To get a better perspective, I’ve been reading. You might consider doing the same — in particular reading Tyler Cowen, a cultural economist and professor at George Mason University, whose latest book is “The Complacent Class: The Self-defeating Quest for the American Dream.”

Cowen defines “complacent” as resisting things new, different, or challenging, and he sees this stasis occurring across the board, no matter the difference in income, education, or opportunity. As a society, we’ve become this way because, in general, we have “peace” and compared to many in the world, “high incomes.”

Cowen sees evidence of this acceptance of the status quo by pointing out that Americans are more likely to stay physically put: they’re less likely to switch jobs, move around the country, or even leave the house. He points out there has been a decline in start-ups since the 1990s; there are fewer unicorn miracle growth firms, less corporate churn and turnovers.

There’s much more pairing, also, of like with like, especially in terms of income, and here he points to segregation by income as a huge problem in our most influential cities. In other words, rents in cities are so high only the upwardly mobile and well-to-do can afford to live there, thus making it no longer the place where poor, rural people used to flee in order to “get ahead” in the world. Urban progress isn’t “transformational” but gentrification.

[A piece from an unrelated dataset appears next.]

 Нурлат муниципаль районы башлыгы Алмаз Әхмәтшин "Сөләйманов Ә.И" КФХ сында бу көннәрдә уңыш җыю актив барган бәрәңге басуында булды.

We’re complacent about our physical world and its infrastructure as well. Traffic clogs freeways; airplane travel is slower; passenger trains aren’t increasing and bus lines are being shut down. We want to stay at home and bring whatever we want in via the Internet: buy books, clothes, food, anything without leaving our computers. Symbolically, we see the truth of our passivity in the demise of car culture. Only about half of the Millennial generation bothers to get a driver’s license by age 18, whereas in 1983, 69 percent of 17 year olds had a license. Teens today express themselves through their phones: different brands, covers, and apps. Cowen concludes rhetorically, “The driver of the American car used to drive an entire economy, but now the driver will be passive, and what will the culture become?”

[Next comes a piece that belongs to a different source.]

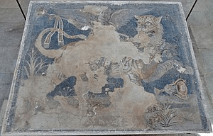 As I previously stated this mosaic and many similar to this can be found in Greece. Specifically, Delos, Greece. Delos is an island near to the center of Cyclades, which are an island group in the Aegan Sea. This area is found southeast of the mainland of Greece and is a former prefecture of Greece. This area of Greece contains a very high percentage of surviving mosaics from the Hellenistic period, containing just about half that remain. Some examples of other mosaics from this time period, in this area, are mosaics from the House of Dionysos. The reason all these mosaics could be found in Delos is largely due to the city’s importance during this time. Delos was one of the most sacred places in ancient Greece as well as one of the largest trade hubs. Its location was very advantageous for trade, being a middle area between the major commercial areas on the Aegan such as Athens, Corinth, Macedonia, etc.

The fact is only about 8 percent of the American workforce is employed in manufacturing and virtually all analysts, Cowen says, expect this percentage to decline even more because of automation. Most research and development in manufacturing focuses on innovations in tech devices which displaces many workers.

It may sound counter-intuitive, but Cowen says America can’t grow at 10 percent a year, or 5 percent, (or even Trump’s espoused 4 percent) no matter what policies it may adopt, because as a nation we’re at the “technological frontier” — we can’t borrow from more advanced nations in technology because there are none. So we’re stymied as well as static.

Ursula Carlson, Ph.D., is professor emerita at Western Nevada College.